#### Activity
Omit all pictures. Print the remaining lines exactly, from the start of the data through the line containing "Общая площадь53,9 м²".

[Source records]
○ ○ ○ ○ ○ ○ ○

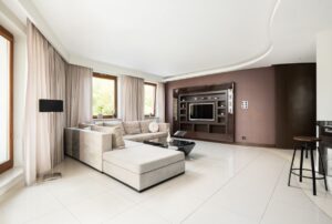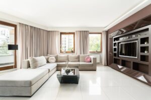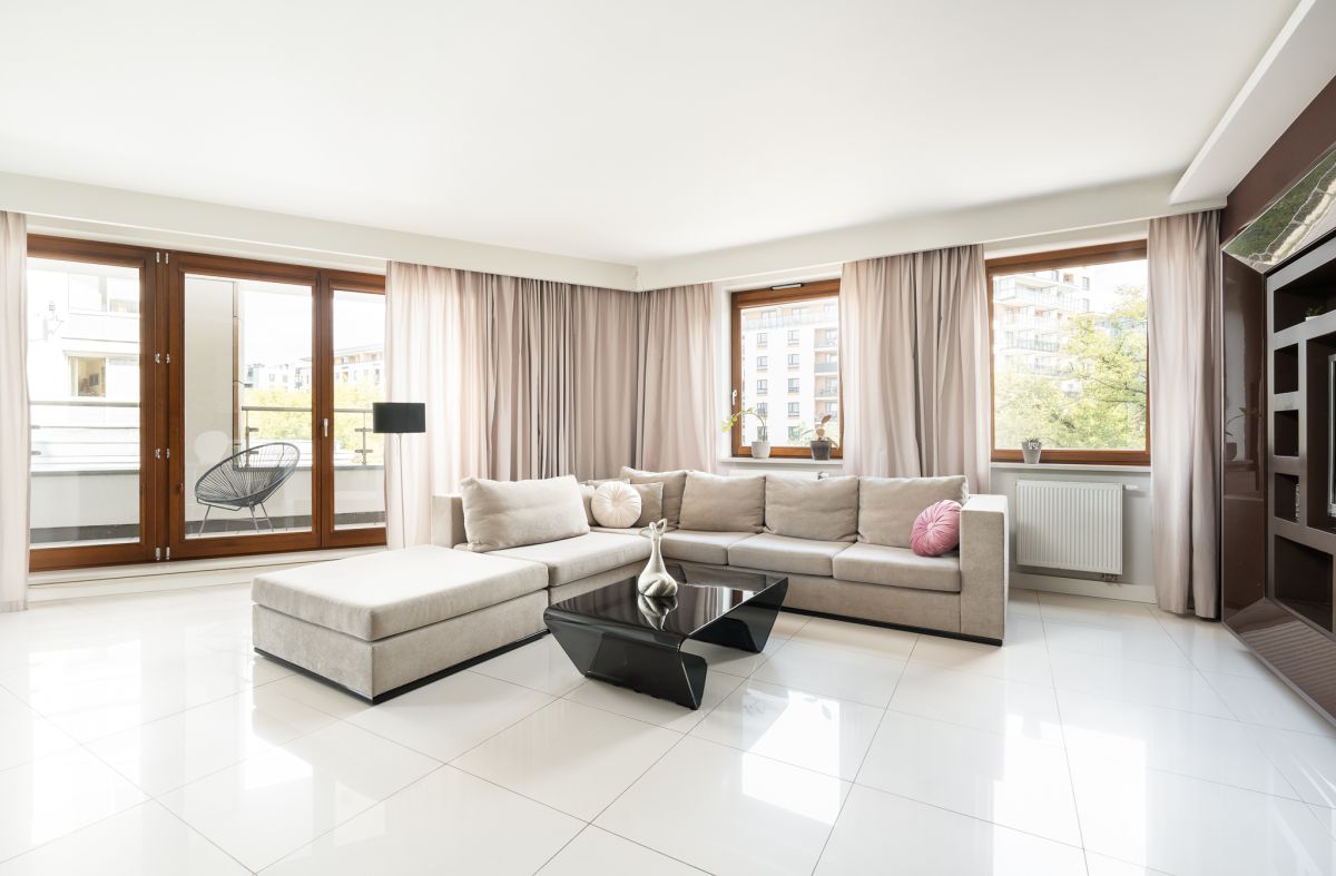 Podłogi w salonie, aneksie kuchennym, łazience z wanną oraz hallu wykończone są szkliwionym wielkoformatowym jasnym gresem wysokiej klasy, co dodaje pomieszczeniom wyjątkowego blasku i nowoczesnego charakteru.
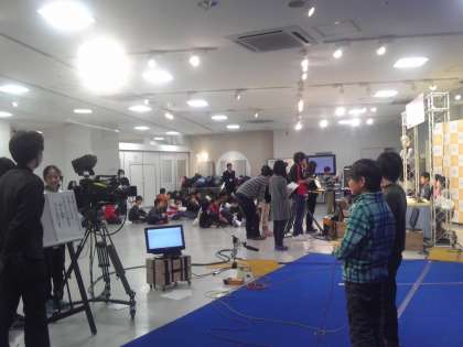 模擬番組台本に従って役割分担して番組作りを体験しました。
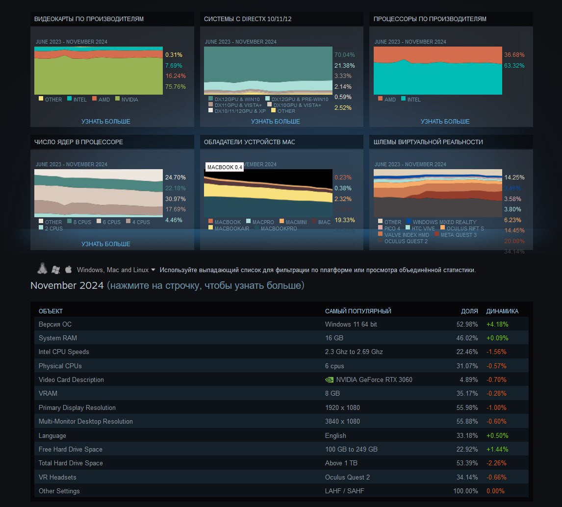 Valve опубликовала статистику Steam за ноябрь 2024 года, показав изменения в предпочтениях геймеров
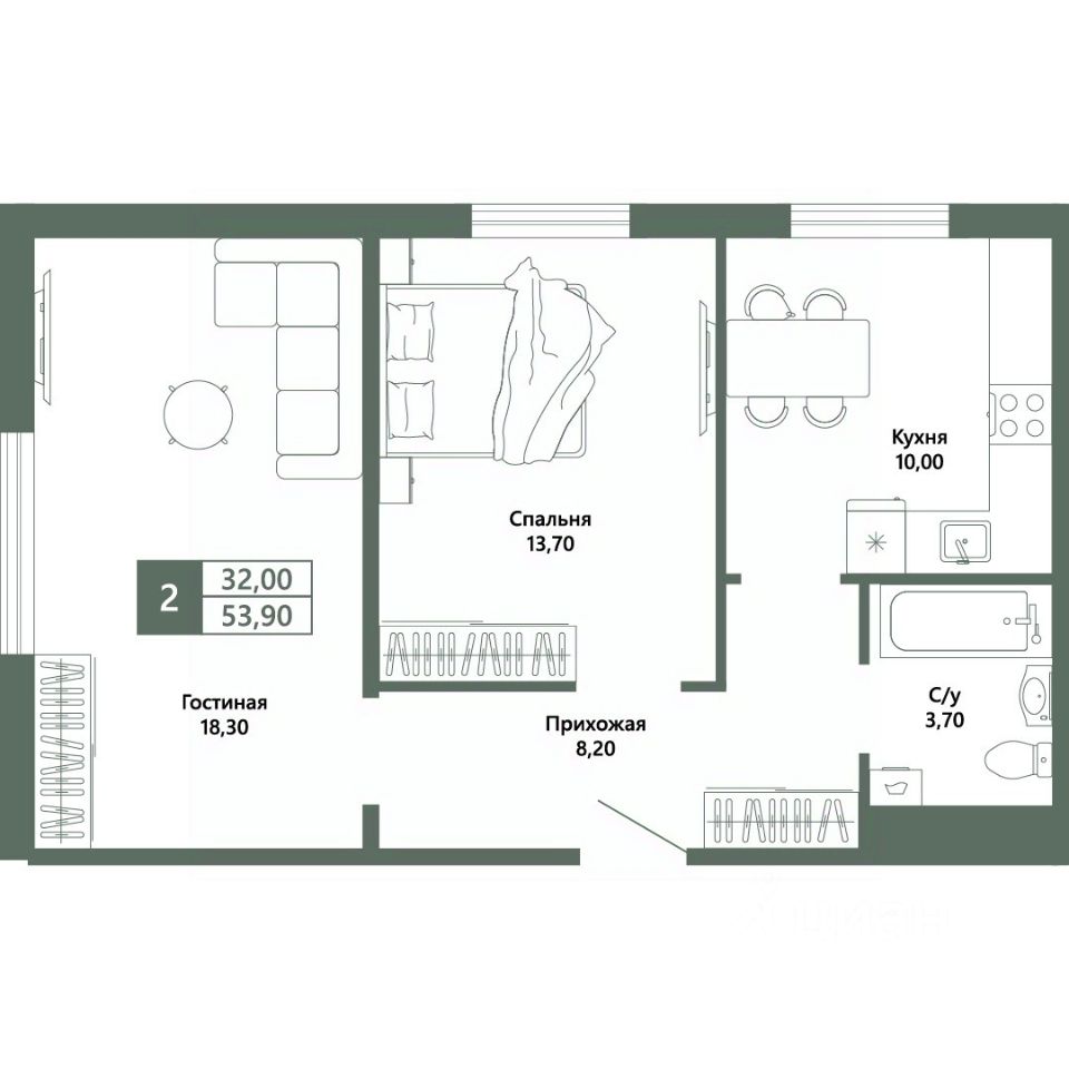 Общая площадь53,9 м²
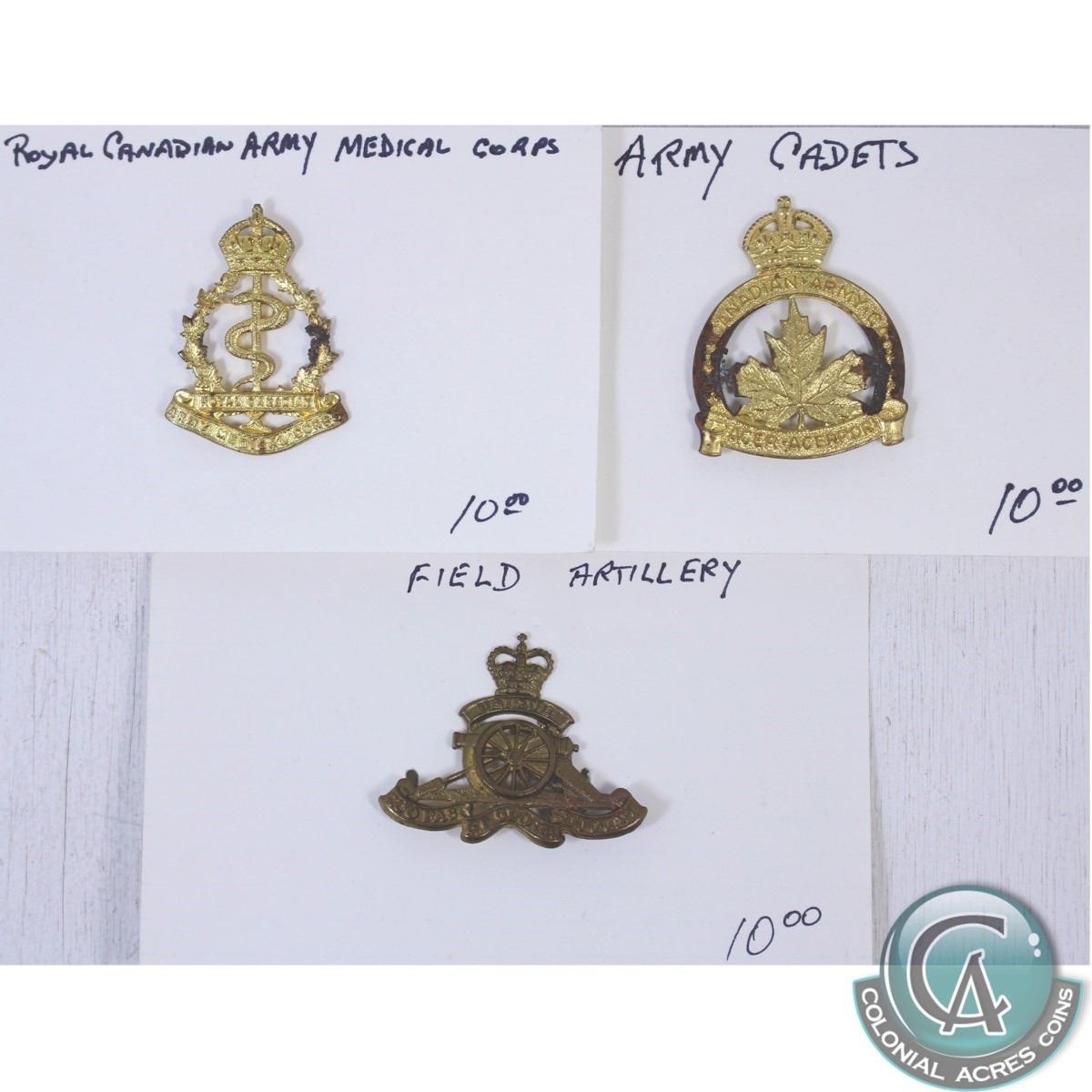 3x Royal Canadian Army Badges. You will receive the following: Medical Corps (discoloured), Field Artillery and Army Cadets (discoloured). 3pcs
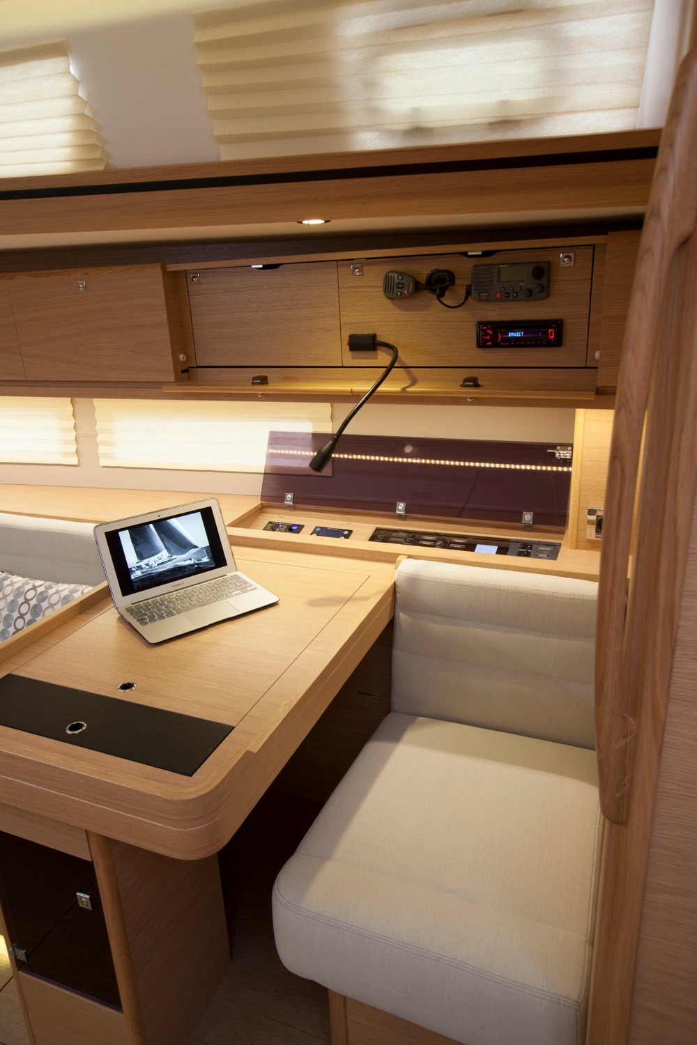 Navigation equipment Cockpit compass , Speed log , Echo sounder , Wind instruments , Hand bearing comp , Divider , Parallel ruler , Greek Waters Pilot , GPS , Plotter , Radar , VHF , Clock , Barometer , Binoculars , Autopilot
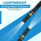 GARDEN HOSE: Unmatched flexibility, durability, and flow. Its lightweight, full-length, Patent-Pending multi-layer design provides reliable, leak-performance for long-lasting utility. [This hose does NOT expand or retract] EFFICIENT WATERING & CLEANING: This kink-resistant full length hose makes gardening, vehicle washing, and cleaning tasks effortless. Featuring an ergonomic handle and a robust 5/8” middle layer, it delivers strong, steady water flow while remaining static in length, offering stability and reliability for various applications. HIGH PRESSURE TOLERANCE: Designed to work with most pressure washers and sprinklers, the hose excels in handling high-pressure water. Its durable construction with PVC, foam, and polyester outer webbing ensures it resists cracks and leaks, maintaining structural integrity even under intense use. UNIVERSAL COMPTABILITY: With standard GHT 3/4" brass connectors, this hose offers universal compatibility, seamlessly integrating with a wide range of faucets, , and nozzles. Providing efficient watering and cleaning without compatibility issues. [This hose does NOT expand or retract]
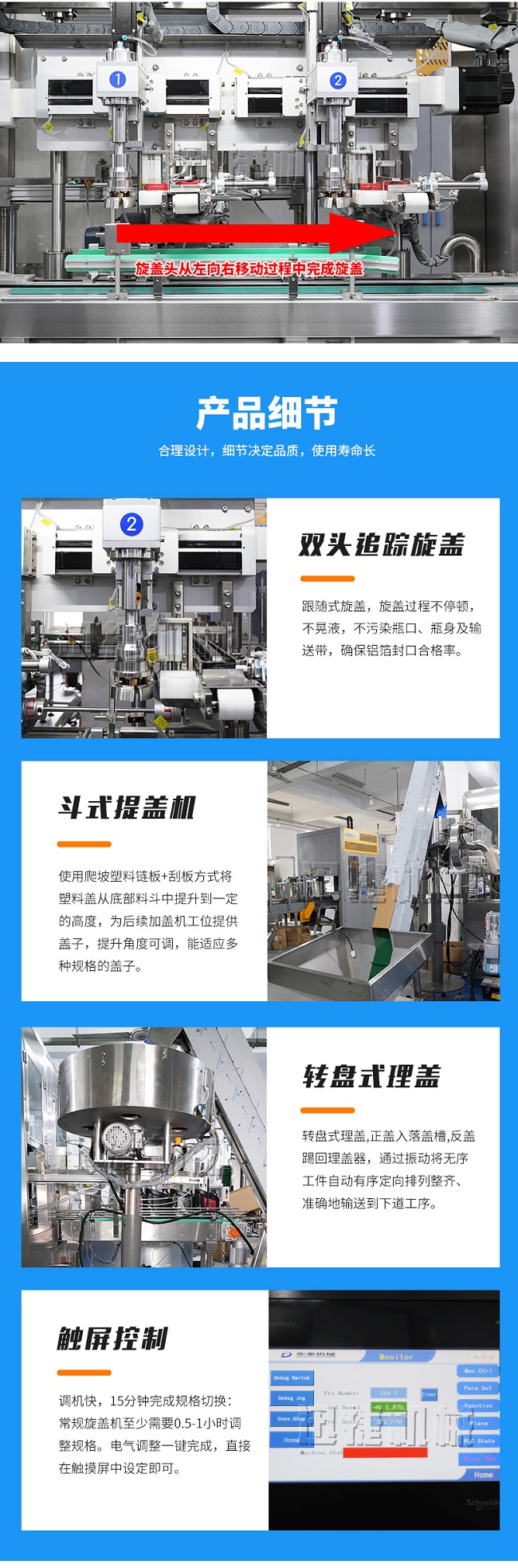 7、調(diào)機(jī)快,15分鐘完成規(guī)格切換:常規(guī)旋蓋機(jī)至少需要0.5-1小時調(diào)整規(guī)格。
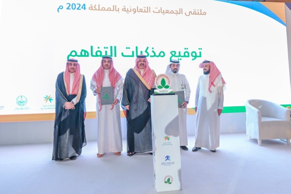 إثر ذلك شهد الأمير عبدالعزيز بن سعد حفل توقيع مذكرات تفاهم لعدد من الجمعيات والجهات الحكومية والخاصة، ثم كرم، الدكتور حمد البدر، والمهندس سليمان الجطيلي، إلى جانب المشاركين والمتحدثين. ونوه أمير حائل بدعم القيادة للاقتصاد المحلي، وتعزيز التنمية المستدامة، مشيرًا إلى أهمية دور الجمعيات في تحقيق ذلك وخروج الملتقى بتوصيات تثري الحراك الاقتصادي في مناطق المملكة، معربًا عن ترحيبه بالجميع وشكره للقائمين على نجاح الملتقى.

○ ○ ○ ○ ○ ○ ○

#### Solution to the exercise
 Podłogi w salonie, aneksie kuchennym, łazience z wanną oraz hallu wykończone są szkliwionym wielkoformatowym jasnym gresem wysokiej klasy, co dodaje pomieszczeniom wyjątkowego blasku i nowoczesnego charakteru.
 模擬番組台本に従って役割分担して番組作りを体験しました。
 Valve опубликовала статистику Steam за ноябрь 2024 года, показав изменения в предпочтениях геймеров
 Общая площадь53,9 м²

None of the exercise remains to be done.